Le titre résume bien le concept sous-tendant l'unité logique de l'exposition, soit comment les artistes passent (ou inversement, ou pas) du trait au buste, comment le sculpteur peint ou le peintre sculpte, la vision de l'artiste est-elle inhérente au support, l'œil est-il le même ?...
L'affiche de l'exposition présente ainsi les deux faces d'un même artiste, Gargallo, épousant ce questionnement : une sculpture très aérienne représentant Chagall et un autoportrait à l'encre.
Autres grands créateurs à voir dans cette exposition où sont confrontés des portraits dessinés avec des têtes et des bustes d'un même artiste, Picasso, Zadkine ou Bourdelle.

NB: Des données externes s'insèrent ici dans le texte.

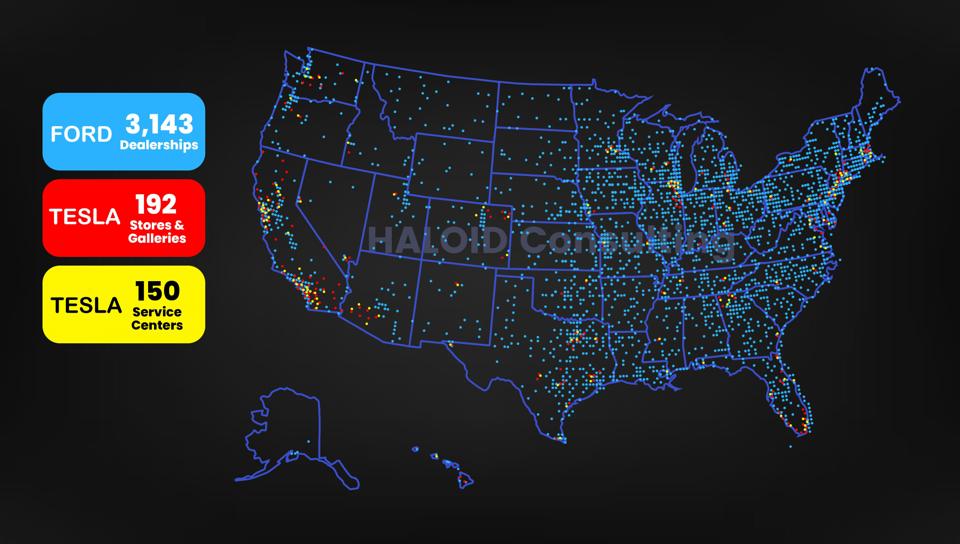 Caption: To replicate a sales and service network, in scale, would cost automakers billions; never mind the need to overcome retail learning curves that may take years. In Ford’s case, it has over 3,000 dealerships in the U.S. that sell and service Ford vehicles. TESLA’s 150 service and 200 sales locations are insignificant in comparison.

Vous plongerez aussi dans le travail de nombreux artistes moins connus du XIXème siècle jusqu’à aujourd’hui, où beaucoup d'écoles sont représentées : le réalisme classique de Wlérick, Despiau ou Paul Landowski (le père du musicien Marcel Landowski), le cubisme donc avec Picasso, la stylisation géométrique et l’inspiration des masques
africains avec Le Corbusier, l’art brut avec Gaston Chaissac, l’existentialisme de Giacometti ou Germaine Richier, la
nouvelle figuration d’Arroyo, jusqu'aux artistes contemporains Yveline
Tropéa, Yan Pei-Ming, Agnès Baillon, qui questionne l’utilisation du socle, ou bien
Arnulf Rainer revisitant l’aspect formel du buste classique à partir de
celui de Gustave Courbet par Dalou.
La galerie de personnages est extraordinairement variée. En outre, l'exposition permet aussi, au delà des seuls arts plastiques, une plongée dans le Paris des intellectuels du début du XXème siècle.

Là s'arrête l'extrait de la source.